Now that it is a problem, the users will have to clean up their lists, or the list maintainers will have to clean up the lists.

I want to have users know that they are putting garbage in to their DNS servers and learn to not do it anymore. This will help everyone going forward and far in to the future. If we have to monkeypatch in workarounds for bad data then no one will ever change and they will continue to put crap in their DNS servers.

1 Like

So you're saying people will stop using Pi-hole because we tell them that their lists were ineffective before and now they are not valid? Seems that we'd gain more trust from being fully transparent and teaching people what exactly it is they are doing.

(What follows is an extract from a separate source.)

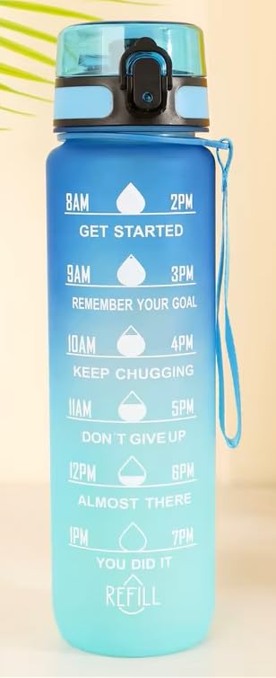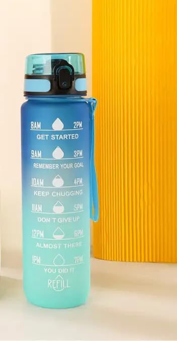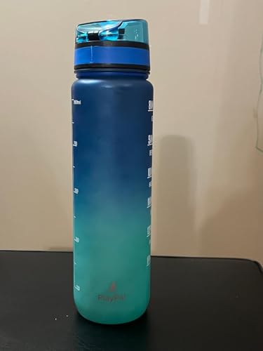 PlayPal - زجاجة مياه تحفيزية سعة 32 اونصة (1 لتر)، مصنوعة من بلاستيك التريتان الخالي من البيسفينول ايه، زجاجة لياقة بدنية رياضية مع مؤشر للوقت (ازرق متدرج)

You don't tell a diabetic to eat a dozen donuts but just remember to triple the insulin the next time.

There should be no rating. Pi-hole does not and can not "rate" a list. I can make a 100% accepted list that blocks you from accessing anything outside of your local network. Is that Quality 100!? People will now say "Hey, this is a 100% Pi-hole list! It's full of shit, but it's 100%!"